== Data below ==
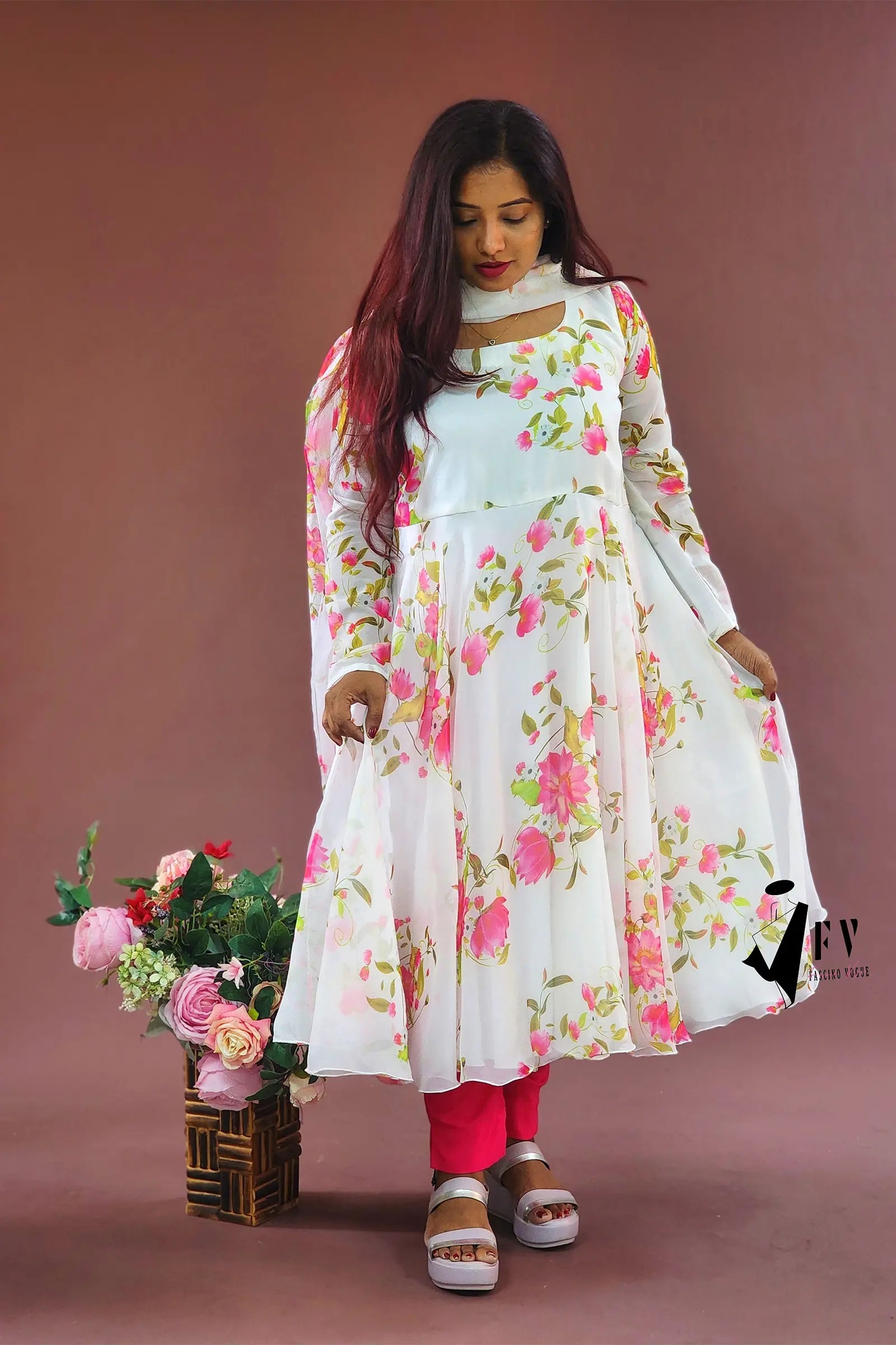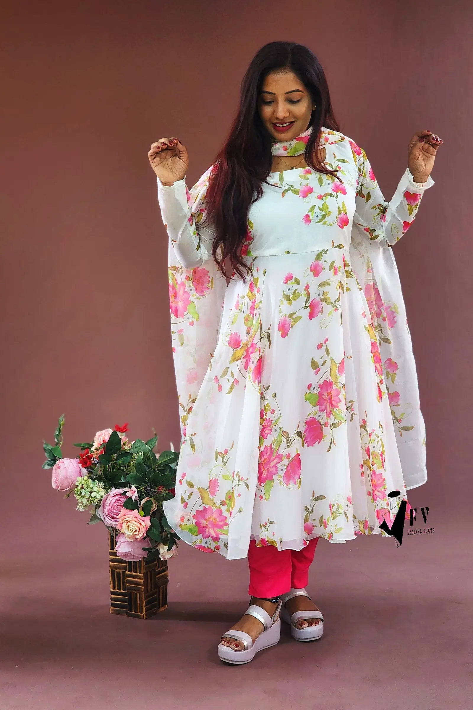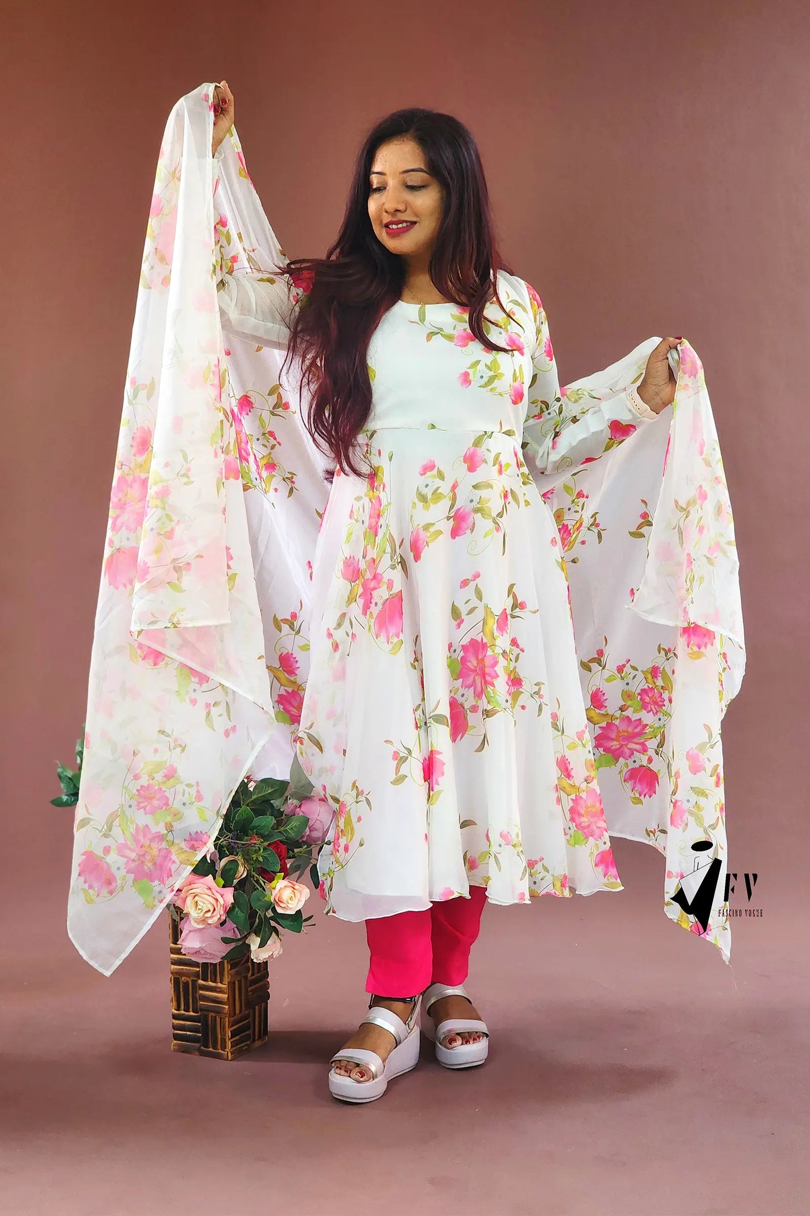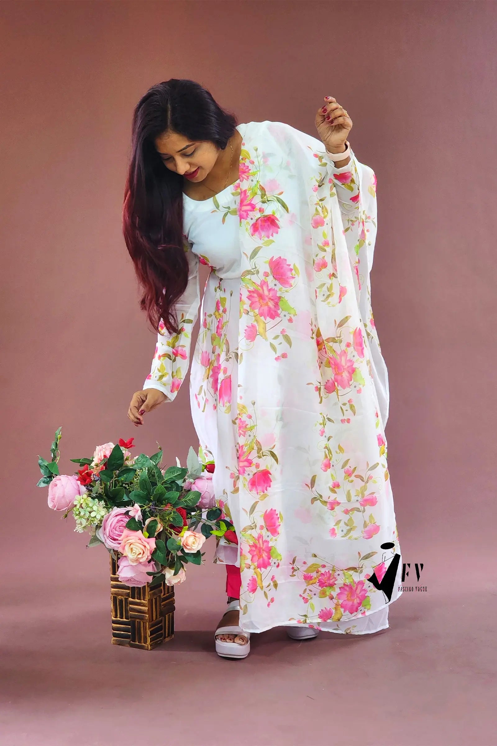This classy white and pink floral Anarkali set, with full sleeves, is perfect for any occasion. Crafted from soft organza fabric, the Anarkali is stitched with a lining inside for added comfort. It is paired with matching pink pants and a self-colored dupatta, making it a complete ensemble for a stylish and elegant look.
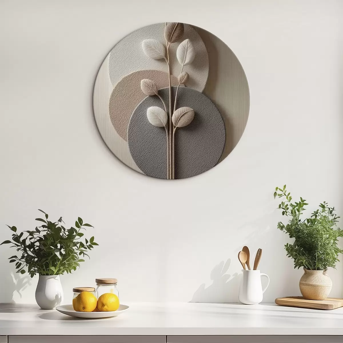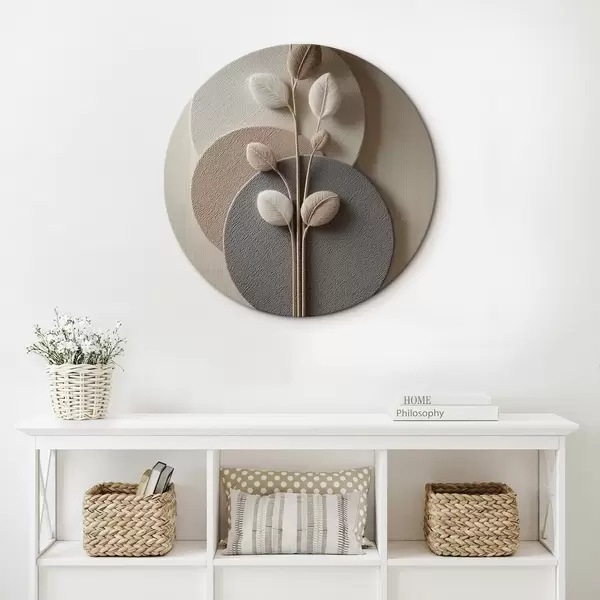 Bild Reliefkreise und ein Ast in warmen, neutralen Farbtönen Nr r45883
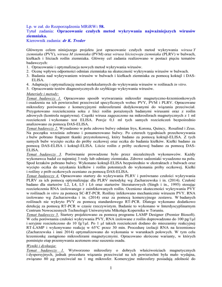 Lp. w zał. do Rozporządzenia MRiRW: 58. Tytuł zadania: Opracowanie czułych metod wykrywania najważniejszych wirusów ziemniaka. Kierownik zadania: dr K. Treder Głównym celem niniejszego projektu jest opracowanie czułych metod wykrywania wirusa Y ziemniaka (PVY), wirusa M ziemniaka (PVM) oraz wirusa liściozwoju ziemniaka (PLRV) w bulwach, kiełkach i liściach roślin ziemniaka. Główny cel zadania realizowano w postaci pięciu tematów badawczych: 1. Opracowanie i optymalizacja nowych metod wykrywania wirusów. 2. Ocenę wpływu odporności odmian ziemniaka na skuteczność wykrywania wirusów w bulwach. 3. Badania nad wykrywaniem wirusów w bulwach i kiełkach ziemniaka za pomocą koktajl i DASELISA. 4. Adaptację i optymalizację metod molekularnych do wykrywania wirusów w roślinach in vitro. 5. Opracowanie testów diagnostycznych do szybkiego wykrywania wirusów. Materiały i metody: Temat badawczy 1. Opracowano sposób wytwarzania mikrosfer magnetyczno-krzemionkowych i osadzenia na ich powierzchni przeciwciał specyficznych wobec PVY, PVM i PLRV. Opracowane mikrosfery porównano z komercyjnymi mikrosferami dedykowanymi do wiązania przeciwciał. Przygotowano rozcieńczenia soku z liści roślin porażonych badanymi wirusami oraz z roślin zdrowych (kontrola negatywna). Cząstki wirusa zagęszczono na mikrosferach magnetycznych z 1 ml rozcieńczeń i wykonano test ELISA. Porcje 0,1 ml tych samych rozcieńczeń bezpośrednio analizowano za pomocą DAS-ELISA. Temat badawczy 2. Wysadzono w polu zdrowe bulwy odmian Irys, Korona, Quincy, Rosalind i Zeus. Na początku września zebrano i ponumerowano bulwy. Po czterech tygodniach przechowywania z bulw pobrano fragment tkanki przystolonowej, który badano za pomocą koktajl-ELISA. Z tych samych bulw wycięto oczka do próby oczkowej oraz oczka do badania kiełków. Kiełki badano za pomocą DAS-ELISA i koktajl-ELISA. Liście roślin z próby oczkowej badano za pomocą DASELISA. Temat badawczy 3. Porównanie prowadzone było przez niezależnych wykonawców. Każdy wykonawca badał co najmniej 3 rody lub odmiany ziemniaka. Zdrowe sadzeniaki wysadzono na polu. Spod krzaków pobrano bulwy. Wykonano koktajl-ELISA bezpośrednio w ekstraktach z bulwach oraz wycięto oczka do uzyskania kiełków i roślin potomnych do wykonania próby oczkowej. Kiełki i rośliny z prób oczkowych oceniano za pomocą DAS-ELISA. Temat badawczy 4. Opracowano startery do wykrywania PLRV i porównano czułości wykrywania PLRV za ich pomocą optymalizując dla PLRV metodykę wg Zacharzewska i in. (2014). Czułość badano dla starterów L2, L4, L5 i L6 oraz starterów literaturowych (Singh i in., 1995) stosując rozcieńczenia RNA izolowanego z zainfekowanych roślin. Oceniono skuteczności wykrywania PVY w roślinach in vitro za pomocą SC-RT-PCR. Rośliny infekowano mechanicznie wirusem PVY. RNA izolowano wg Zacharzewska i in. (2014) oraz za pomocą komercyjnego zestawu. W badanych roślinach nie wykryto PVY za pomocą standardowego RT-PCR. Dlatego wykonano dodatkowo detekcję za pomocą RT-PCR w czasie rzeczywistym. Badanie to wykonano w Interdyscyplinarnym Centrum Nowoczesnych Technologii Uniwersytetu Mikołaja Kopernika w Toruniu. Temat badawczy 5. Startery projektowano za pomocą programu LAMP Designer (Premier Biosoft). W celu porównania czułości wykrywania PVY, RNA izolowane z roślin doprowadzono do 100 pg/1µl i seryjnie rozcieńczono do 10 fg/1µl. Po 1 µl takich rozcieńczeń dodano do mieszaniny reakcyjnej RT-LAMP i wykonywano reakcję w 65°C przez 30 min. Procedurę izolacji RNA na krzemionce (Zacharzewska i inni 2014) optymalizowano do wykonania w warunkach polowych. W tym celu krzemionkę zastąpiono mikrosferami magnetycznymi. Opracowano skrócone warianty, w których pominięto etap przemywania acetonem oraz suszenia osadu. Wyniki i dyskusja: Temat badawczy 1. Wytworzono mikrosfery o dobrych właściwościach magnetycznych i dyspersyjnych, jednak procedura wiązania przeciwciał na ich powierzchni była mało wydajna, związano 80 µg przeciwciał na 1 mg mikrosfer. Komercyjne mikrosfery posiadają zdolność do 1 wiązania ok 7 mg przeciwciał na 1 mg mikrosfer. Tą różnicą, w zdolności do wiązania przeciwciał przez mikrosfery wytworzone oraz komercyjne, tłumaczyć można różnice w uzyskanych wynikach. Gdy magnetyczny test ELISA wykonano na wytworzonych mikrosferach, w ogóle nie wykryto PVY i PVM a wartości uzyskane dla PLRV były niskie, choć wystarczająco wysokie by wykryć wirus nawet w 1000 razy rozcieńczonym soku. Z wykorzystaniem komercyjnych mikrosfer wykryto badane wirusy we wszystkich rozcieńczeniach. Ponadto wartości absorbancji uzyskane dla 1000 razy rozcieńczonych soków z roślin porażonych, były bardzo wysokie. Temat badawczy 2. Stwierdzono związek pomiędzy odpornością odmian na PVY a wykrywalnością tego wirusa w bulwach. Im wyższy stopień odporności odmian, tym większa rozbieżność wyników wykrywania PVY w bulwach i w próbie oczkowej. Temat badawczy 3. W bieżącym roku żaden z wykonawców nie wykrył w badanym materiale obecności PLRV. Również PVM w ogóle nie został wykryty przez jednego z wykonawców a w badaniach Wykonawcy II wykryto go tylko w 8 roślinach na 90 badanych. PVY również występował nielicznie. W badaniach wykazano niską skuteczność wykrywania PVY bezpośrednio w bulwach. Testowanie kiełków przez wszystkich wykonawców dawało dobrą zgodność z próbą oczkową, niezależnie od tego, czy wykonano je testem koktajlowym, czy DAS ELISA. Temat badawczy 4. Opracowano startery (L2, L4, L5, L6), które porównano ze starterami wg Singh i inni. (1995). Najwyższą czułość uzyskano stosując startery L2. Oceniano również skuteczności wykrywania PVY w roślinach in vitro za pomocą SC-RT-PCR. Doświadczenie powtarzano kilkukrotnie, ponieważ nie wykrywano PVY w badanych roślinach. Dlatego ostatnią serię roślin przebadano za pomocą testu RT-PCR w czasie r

== What to work on ==
Transcribe the opening line of the listing above, please, and every line after it through the line with "Bild Reliefkreise und", word for word, without pictures.

== Your solution ==
This classy white and pink floral Anarkali set, with full sleeves, is perfect for any occasion. Crafted from soft organza fabric, the Anarkali is stitched with a lining inside for added comfort. It is paired with matching pink pants and a self-colored dupatta, making it a complete ensemble for a stylish and elegant look.
 Bild Reliefkreise und ein Ast in warmen, neutralen Farbtönen Nr r45883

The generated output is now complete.